Tsinghua Institute of Multidisciplinary Biomedical Research, Tsinghua University, Beijing, China102206, China.
National Institute of Biological Sciences, 7 Science Park Road, Zhongguancun Life Science Park, Beijing102206, China.
J Chem Inf Model. 2022 Nov 28;62(22):5485-5502. doi: 10.1021/acs.jcim.2c01149. Epub 2022 Oct 21.
In structure-based virtual screening (SBVS), it is critical that scoring functions capture protein-ligand atomic interactions. By focusing on the local domains of ligand binding pockets, a standardized pocket Pfam-based clustering (Pfam-cluster) approach was developed to assess the cross-target generalization ability of machine-learning scoring functions (MLSFs). Subsequently, 12 typical MLSFs were evaluated using random cross-validation (Random-CV), protein sequence similarity-based cross-validation (Seq-CV), and pocket Pfam-based cross-validation (Pfam-CV) methods. Surprisingly, all of the tested models showed decreased performances from Random-CV to Seq-CV to Pfam-CV experiments, not showing satisfactory generalization capacity. Our interpretable analysis suggested that the predictions on novel targets by MLSFs were dependent on buried solvent-accessible surface area (SASA)-related features of complex structures, with greater predicted binding affinities on complexes owning larger protein-ligand interfaces. By combining buried SASA-related features with target-specific patterns that were only shared among structurally similar compounds in the same cluster, the random forest (RF)-Score attained a good performance in the Random-CV test. Based on these findings, we strongly advise assessing the generalization ability of MLSFs with the Pfam-cluster approach and being cautious with the features learned by MLSFs.

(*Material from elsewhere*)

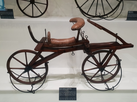 1817년에 제작된 최초의 자전거 '드라이자네'의 모습, 나무로 만들어졌으며 페달이 없다/정연우 기자

在基于结构的虚拟筛选 (SBVS) 中,评分函数捕捉蛋白质-配体原子相互作用至关重要。通过关注配体结合口袋的局部域,开发了一种标准化口袋 Pfam 聚类 (Pfam-cluster) 方法,以评估基于机器学习评分函数 (MLSFs) 的跨靶泛化能力。随后,使用随机交叉验证 (Random-CV)、基于蛋白质序列相似性的交叉验证 (Seq-CV) 和口袋 Pfam 交叉验证 (Pfam-CV) 方法评估了 12 种典型的 MLSFs。令人惊讶的是,所有测试模型都显示出从 Random-CV 到 Seq-CV 再到 Pfam-CV 实验的性能下降,并没有表现出令人满意的泛化能力。我们的可解释性分析表明,MLSFs 对新靶标的预测取决于复合物结构中埋藏溶剂可及表面积 (SASA) 相关特征,具有更大蛋白质-配体界面的复合物具有更大的预测结合亲和力。通过将埋藏 SASA 相关特征与仅在同一簇中结构相似化合物之间共享的目标特定模式相结合,随机森林 (RF)-Score 在 Random-CV 测试中取得了良好的性能。基于这些发现,我们强烈建议使用 Pfam-cluster 方法评估 MLSFs 的泛化能力,并谨慎对待 MLSFs 学习到的特征。